I finished my kicking ass class this evening. Despite having been told to the contrary, it was in fact Hot Cop (with the dreamy blue eyes) who suited up and let us beat on him. I was not permitted to take my own video, but video was taken and we watched it at the end. Let's just say that I got the most laughs. In scenario 3 I totally faked out Hot Cop and made him turn his back to me while I ran out of the room to safety. (Hey, the objective is to get away and survive, I met that goal, but it was fun to have Hot Cop call it out as his favorite encounter. ;)
In scenario 4 we were in a dark room and two different men were taunting me. One of them asked if I wanted trouble but he sounded EXACTLY like Avi, so I giggled and said, "no" but with a smile in my voice. I think you can guess that situation quickly went downhill from there. Note to self: Even if an attacker sounds like someone you know you still need to defend yourself. :P
Ladies, if you live in the United States and are interested in taking a kicking ass class please visit the RAD Systems website. (That link takes you directly to the program locator page.) The class will in fact kick your ass, but it will give you the opportunity to practice physically and verbally defending yourself.

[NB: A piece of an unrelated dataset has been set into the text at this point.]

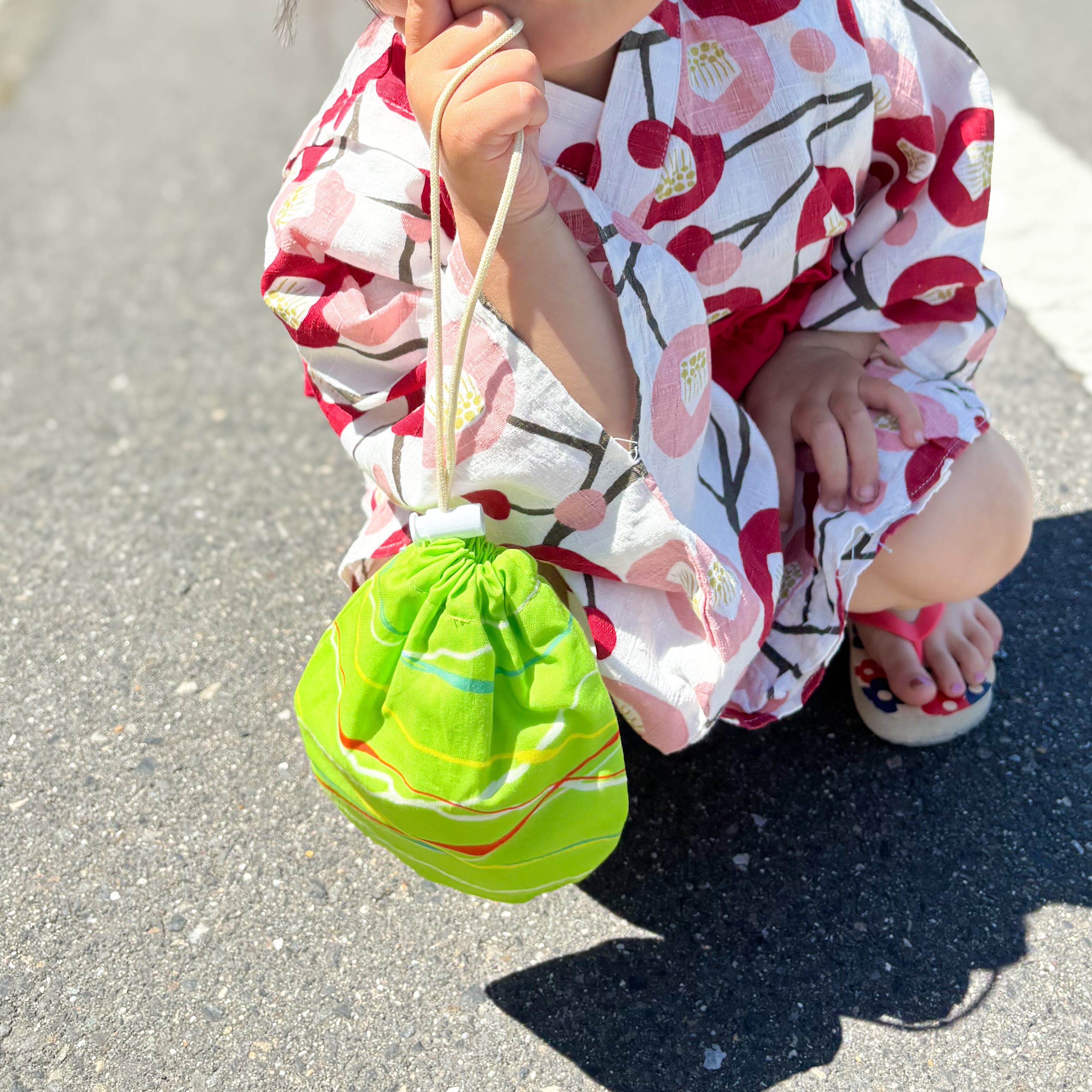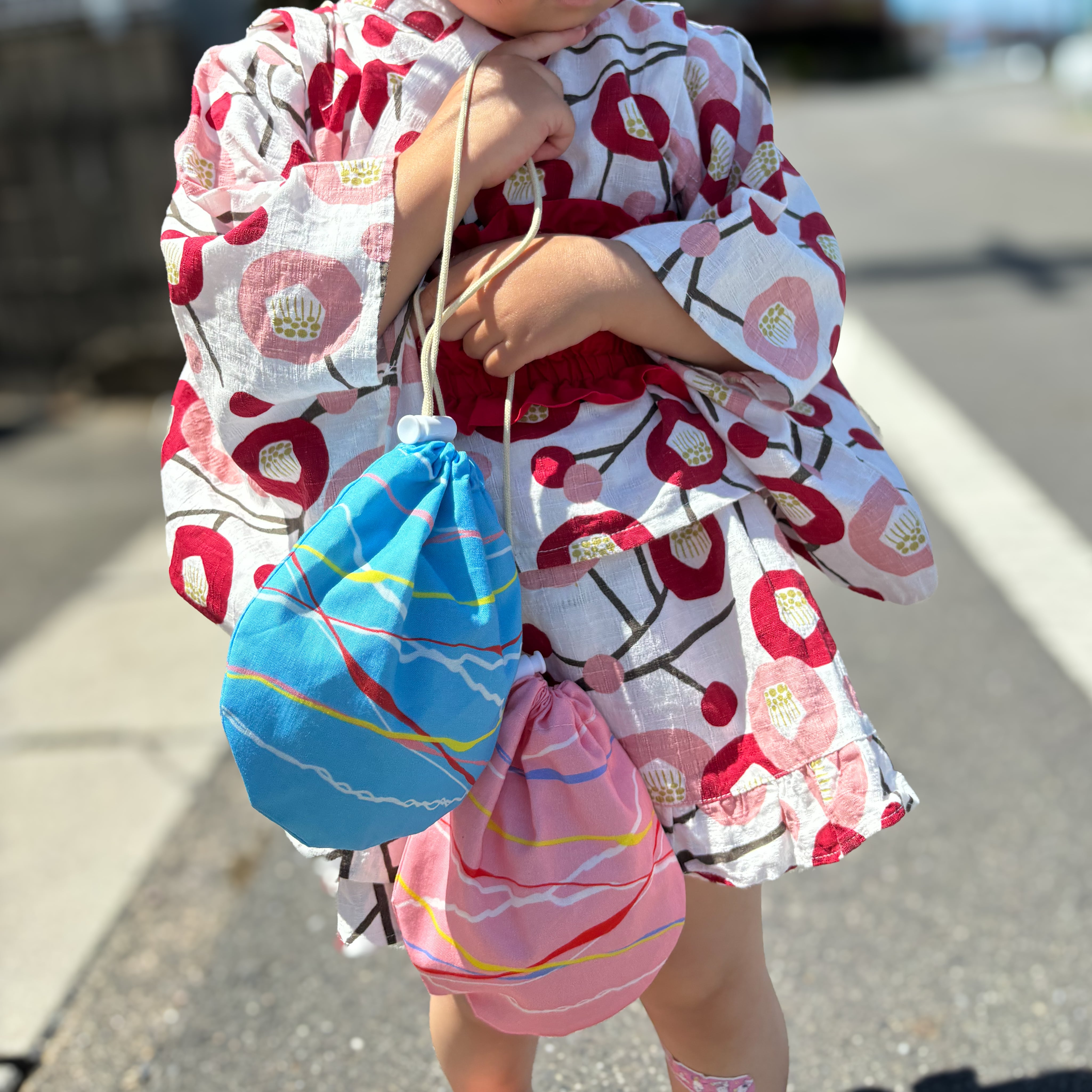 お祭りの定番!ヨーヨーをモチーフにした巾着です。

Oh, and Molly, surprisingly I did NO GROIN KICKS. WTF?! I told myself to, but the one opportunity where I even thought about doing it I couldn't get myself angled on him correctly. Murr. We are invited to return to class whenever we like, so perhaps I'll get a new opportunity in the future.
And now that you're all caught up with my Monday, I'm going to bed. Exhausted. Good night. Shut off the lights on your way out. *Zzzzz*
3 comments:
It WAS me, and that punch was pretty good.
I knew it, that's why I giggled.
And, at first I thought you meant the (spiked) beverage, which explains how you made me giggle in a dark room when I was supposed to be defending my life!
Just a kitty bladder tip--if she does need the medicine, and they prescribe Cosequin, you can do your wallet a favor by just getting generic glucosamine instead. That's the important ingredient, and Cosequin has a lot of other expensive components in it, as well. Why yes, I once had a cat with interstitial bladder cystitis--why do you ask? ;)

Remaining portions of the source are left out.